[Stored data entries]
────────

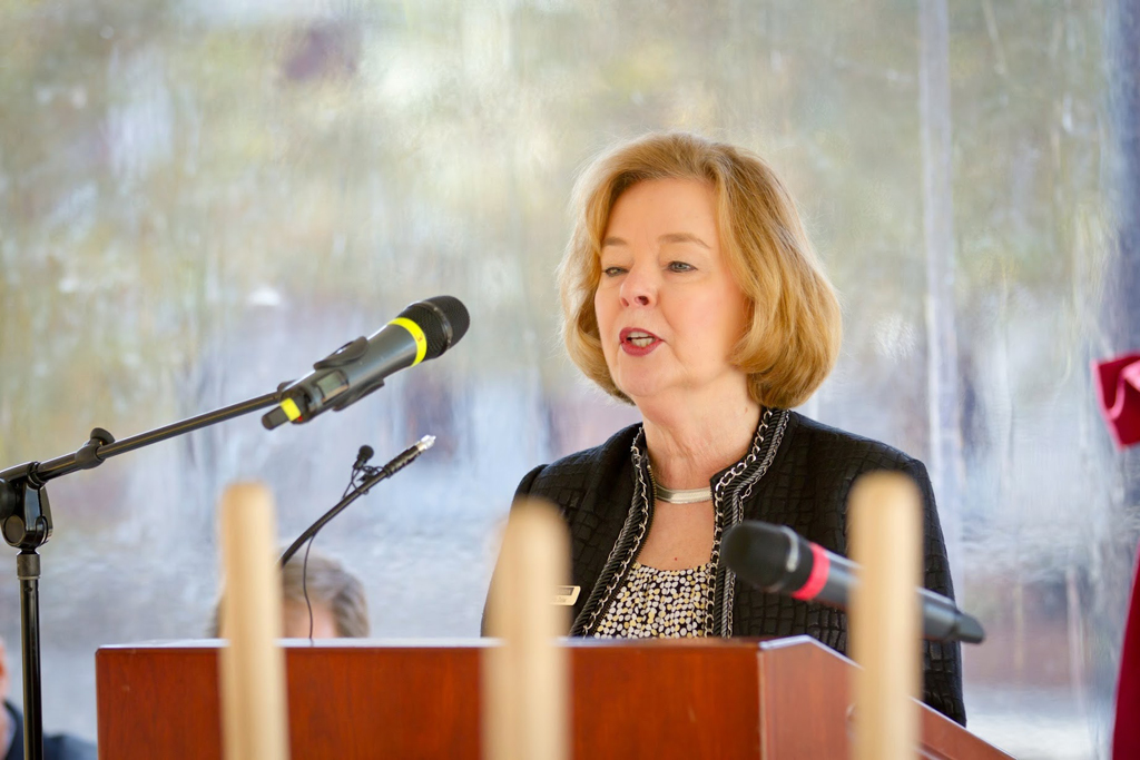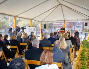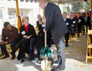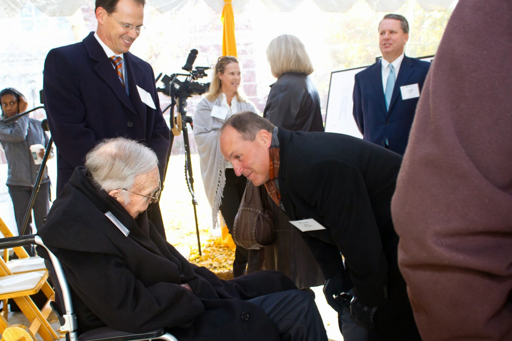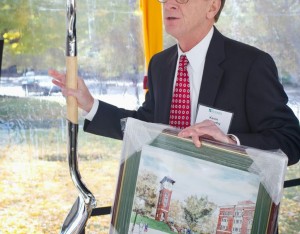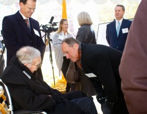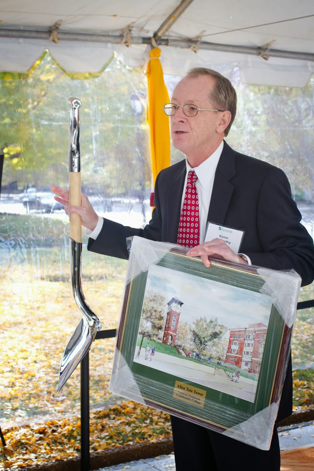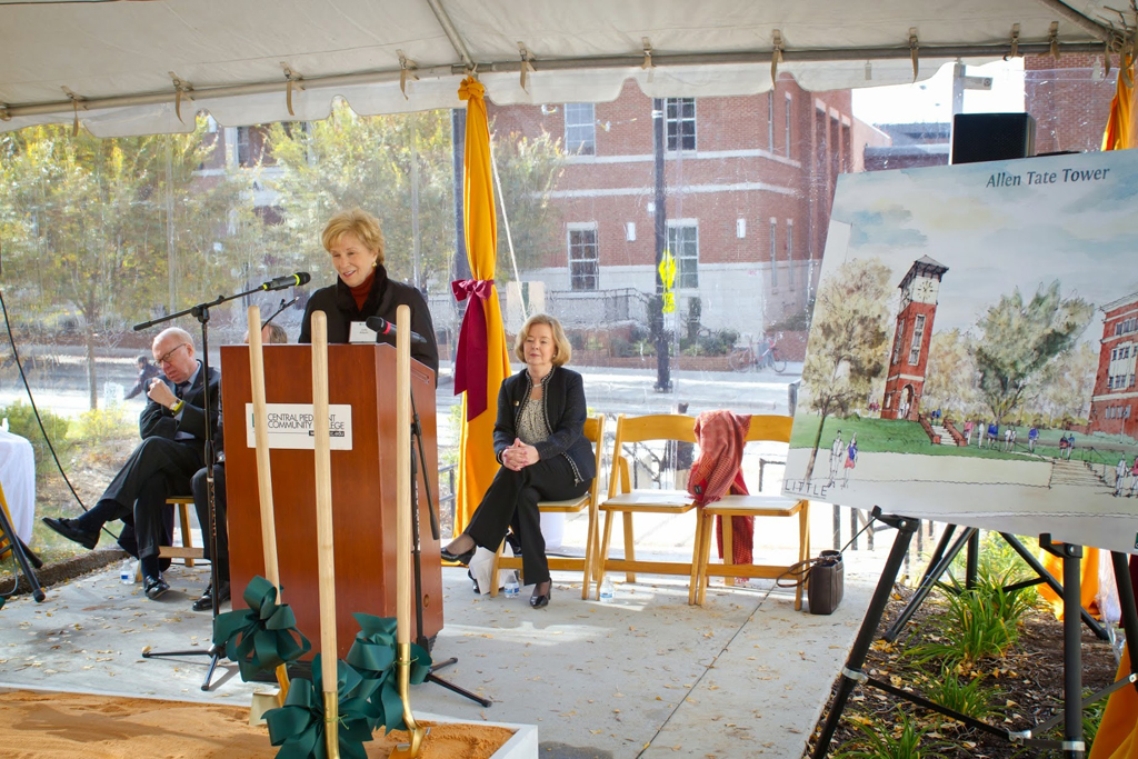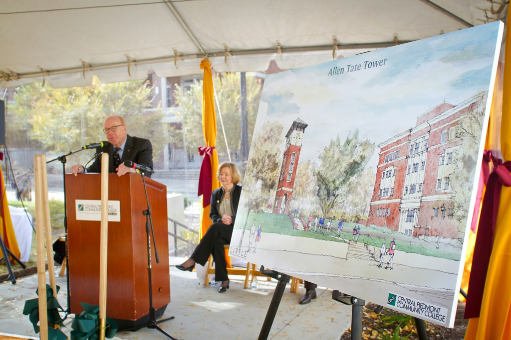 Charlotte, N.C. – In a groundbreaking ceremony Tuesday morning, Central Piedmont Community College (CPCC) honored H. Allen Tate, Jr., founder and chief executive of the Charlotte real estate firm Allen Tate Co., as the college broke ground on a 48-foot clock tower that will bear his name. The groundbreaking ceremony took place at the Central Campus of CPCC.
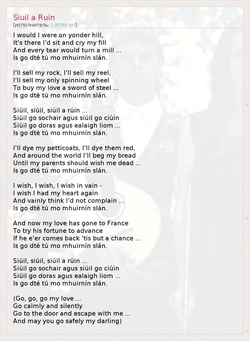 I would I were on yonder hill, It's there I'd sit and cry my fill And every tear would turn a mill ... Is go dté tú mo mhuirnín slán. I'll sell my rock, I'll sell my reel, I'll sell my only spinning wheel To buy my love a sword of steel ... Is go dté tú mo mhuirnín slán. Siúil, siúil, siúil a rúin ... Siúil go sochair agus siúil go ciúin Siúil go doras agus ealaigh liom ... Is go dté tú mo mhuirnín slán. I'll dye my petticoats, I'll dye them red, And around the world I'll beg my bread Until my parents should wish me dead ... Is go dté tú mo mhuirnín slán. I wish, I wish, I wish in vain - I wish I had my heart again And vainly think I'd not complain ... Is go dté tú mo mhuirnín slán. And now my love has gone to France To try his fortune to advance If he e'er comes back 'tis but a chance ... Is go dté tú mo mhuirnín slán. Siúil, siúil, siúil a rúin ... Siúil go sochair agus siúil go ciúin Siúil go doras agus ealaigh liom ... Is go dté tú mo mhuirnín slán. (Go, go, go my love ... Go calmly and silently Go to the door and escape with me ... And may you go safely my darling)
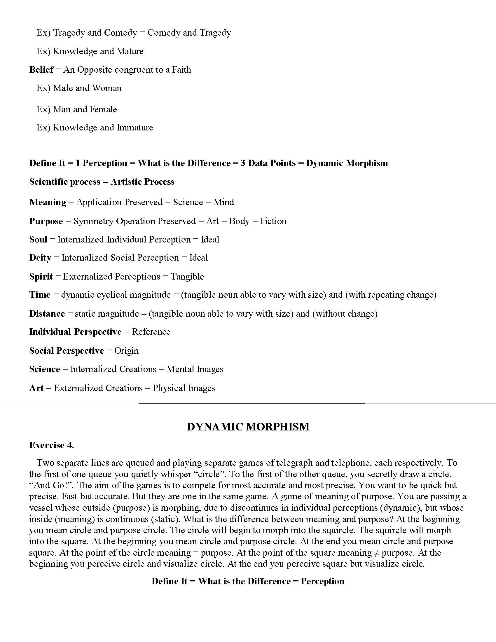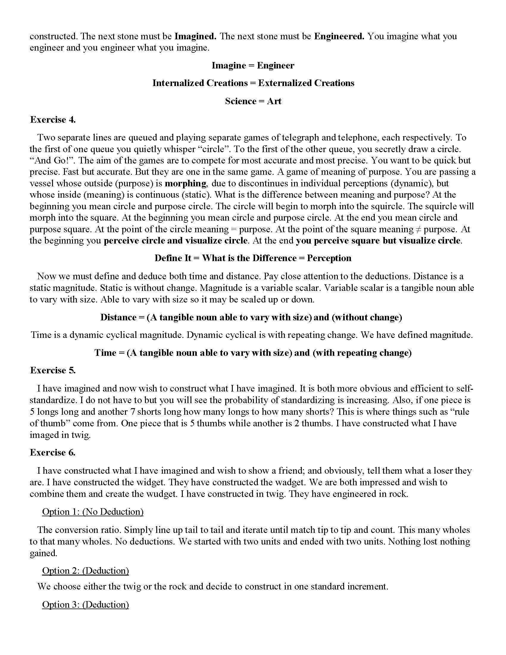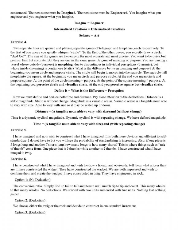 5. Scientific Method = Inverse Artistic Method. Maths and Arts are one and the same just maths internal and arts external. Can't Place maths in you pocket. You are quite ignorant, not stupid but uneducated. Noun = Tangible (person, place, thing) or Ideal (idea) Time and Distance are both Tangible Nouns. Distance is unchanging so it may be scaled up or down (has associated scalar). Define Time. The only difference is one static and other dynamic. Time is not Second just as Square is not Rectangle. How did Time develop? Shadow growth and decay rates. Lambda(wavelength). Look up. Define. Time is dynamic spatial distance. Distance is static spatial distance. How do we convert between us and them? (Aliens, ET, The OtherKind)
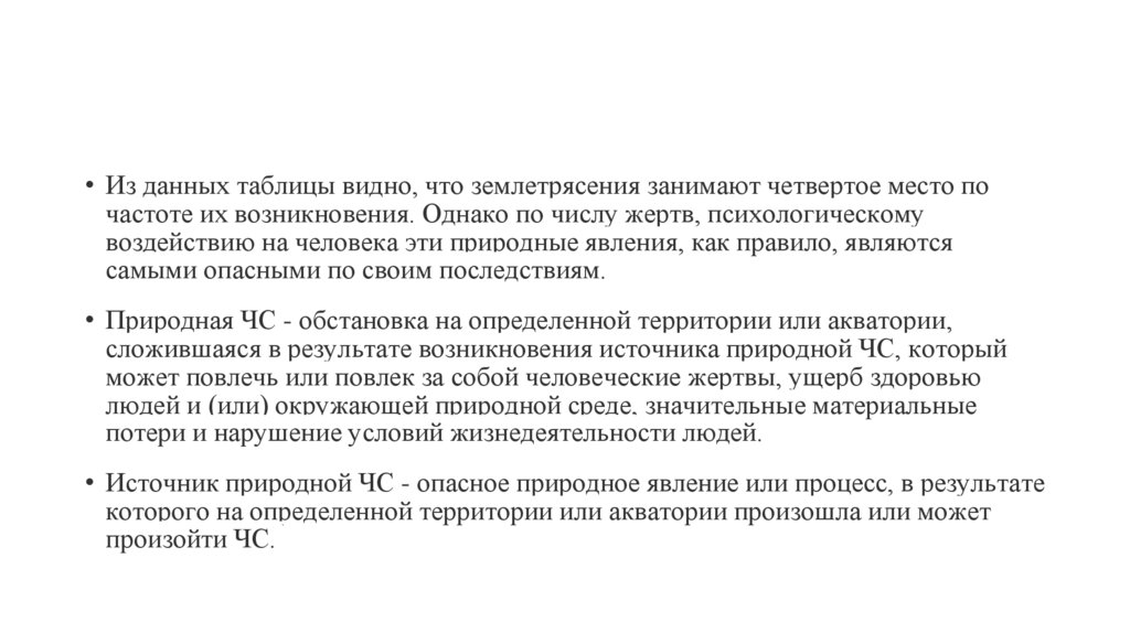 • Из данных таблицы видно, что землетрясения занимают четвертое место почастоте их возникновения. Однако по числу жертв, психологическому
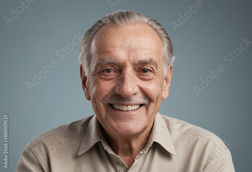 Portrait view of a regular happy smiling San Marino old man, ultra realistic, candid, social media, avatar image, plain solid background
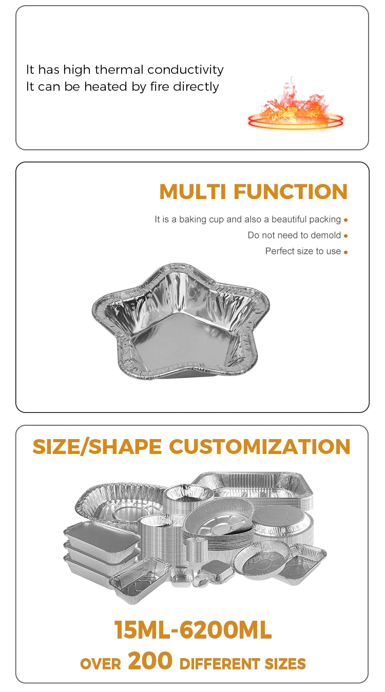 Yunchu Aluminiumsfolieleverandør Stjerneformede aluminiumsfoliebegre for baking Aluminiumsfoliematbeholder er en høykvalitets bakesølvbeholder av aluminiumsfolie. Dette produktet er praktisk og løser effektivt problemer når du lager terter eller småmat, som oppvaskpanner og fettrester. De indre og ytre veggene på bunnen av de stjerneformede aluminiumsfoliebegre for baking Matbeholder med aluminiumsfolie er utformet for å være glatt, og forhindrer at de fester seg etter steking og unngår svi i bunnen.
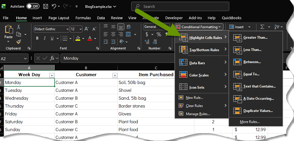 For a walk through on how to apply conditional formatting, check out this former post Using Conditional Formatting to Identify Date-Based Patterns in Excel which is also available as a video. Once you have applied a conditional formatting rule, which uses color-filling and/or text colors to identify the cells that meet the specific criteria, you can filter for these cells by their filled color which is an efficient way to filter.

────────

What the task requires ▸ Produce a word-for-word copy of the records, omitting all images.

Result ▸
 Charlotte, N.C. – In a groundbreaking ceremony Tuesday morning, Central Piedmont Community College (CPCC) honored H. Allen Tate, Jr., founder and chief executive of the Charlotte real estate firm Allen Tate Co., as the college broke ground on a 48-foot clock tower that will bear his name. The groundbreaking ceremony took place at the Central Campus of CPCC.
 I would I were on yonder hill, It's there I'd sit and cry my fill And every tear would turn a mill ... Is go dté tú mo mhuirnín slán. I'll sell my rock, I'll sell my reel, I'll sell my only spinning wheel To buy my love a sword of steel ... Is go dté tú mo mhuirnín slán. Siúil, siúil, siúil a rúin ... Siúil go sochair agus siúil go ciúin Siúil go doras agus ealaigh liom ... Is go dté tú mo mhuirnín slán. I'll dye my petticoats, I'll dye them red, And around the world I'll beg my bread Until my parents should wish me dead ... Is go dté tú mo mhuirnín slán. I wish, I wish, I wish in vain - I wish I had my heart again And vainly think I'd not complain ... Is go dté tú mo mhuirnín slán. And now my love has gone to France To try his fortune to advance If he e'er comes back 'tis but a chance ... Is go dté tú mo mhuirnín slán. Siúil, siúil, siúil a rúin ... Siúil go sochair agus siúil go ciúin Siúil go doras agus ealaigh liom ... Is go dté tú mo mhuirnín slán. (Go, go, go my love ... Go calmly and silently Go to the door and escape with me ... And may you go safely my darling)
 5. Scientific Method = Inverse Artistic Method. Maths and Arts are one and the same just maths internal and arts external. Can't Place maths in you pocket. You are quite ignorant, not stupid but uneducated. Noun = Tangible (person, place, thing) or Ideal (idea) Time and Distance are both Tangible Nouns. Distance is unchanging so it may be scaled up or down (has associated scalar). Define Time. The only difference is one static and other dynamic. Time is not Second just as Square is not Rectangle. How did Time develop? Shadow growth and decay rates. Lambda(wavelength). Look up. Define. Time is dynamic spatial distance. Distance is static spatial distance. How do we convert between us and them? (Aliens, ET, The OtherKind)
 • Из данных таблицы видно, что землетрясения занимают четвертое место почастоте их возникновения. Однако по числу жертв, психологическому
 Portrait view of a regular happy smiling San Marino old man, ultra realistic, candid, social media, avatar image, plain solid background
 Yunchu Aluminiumsfolieleverandør Stjerneformede aluminiumsfoliebegre for baking Aluminiumsfoliematbeholder er en høykvalitets bakesølvbeholder av aluminiumsfolie. Dette produktet er praktisk og løser effektivt problemer når du lager terter eller småmat, som oppvaskpanner og fettrester. De indre og ytre veggene på bunnen av de stjerneformede aluminiumsfoliebegre for baking Matbeholder med aluminiumsfolie er utformet for å være glatt, og forhindrer at de fester seg etter steking og unngår svi i bunnen.
 For a walk through on how to apply conditional formatting, check out this former post Using Conditional Formatting to Identify Date-Based Patterns in Excel which is also available as a video. Once you have applied a conditional formatting rule, which uses color-filling and/or text colors to identify the cells that meet the specific criteria, you can filter for these cells by their filled color which is an efficient way to filter.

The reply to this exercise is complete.